The rebar was re-purposed from the hops field where Jim, Wu and I (mostly Jim and Wu) have spent the past week installing over fifty 24' poles to support the aerial cables.  Our task is now to install the cables and run rope down to each hop plant so that the bines will grow skyward.  The whole enterprise looks awfully strange from the road and I'm sure the neighbors and passing traffic are wondering what the hell we're doing.

Quite a few of the potatoes have now sprouted and the peas are generally 4"-6" tall.  I re-potted tomatoes and cabbages yesterday afternoon in my kitchen garden.  Speaking of the kitchen garden,  I did a bad thing about two weeks ago.  After cleverly bending conduit and stretching plastic over the entire raised bed to create a hoop house, I failed to anticipate how hot it could get on the inside with direct sunlight.  Within 24 hours I succeeded in killing all the lettuce that had so far sprouted, three-quarters of the peas, all of the onions I started back in March, and about half of the cabbage.  Boy did I feel stupid.  Fortunately it is early in the season and I just replanted everything.  Lesson learned.

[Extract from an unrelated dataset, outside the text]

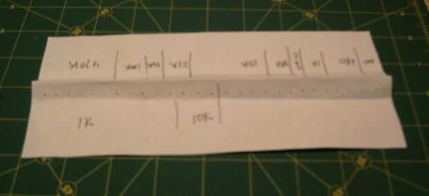 Luego cada valor de resistencia del clip y forma con la herramienta #2 la forma de las piezas. Cada valor debe estar separado, así que hacer un soporte de papel doblado que asoman los agujeros, que pongo cada resistor en. Perdón por la foto pobre mi cámara tiene problemas con blanco.

Having lost all my onions I ordered 6 bunches (~360 seedlings) of Super Star onions from Berlin Seed.  About 30 of them are planted in my kitchen garden (4/23) and the rest are planted at the farm (4/18).  The onions at the farm were planted every other row and I plan to place rows of tomatoes interspersed with the onions.  Jim went to the Joint Vocational School (JVS) on Thursday and picked out the tomato and pepper plants he ordered back in January.  I hope to make a trip down to the Mt. Hope produce auction soon to buy cucumber, broccoli, and maybe a few other vegetables.  I wonder if they sell netting?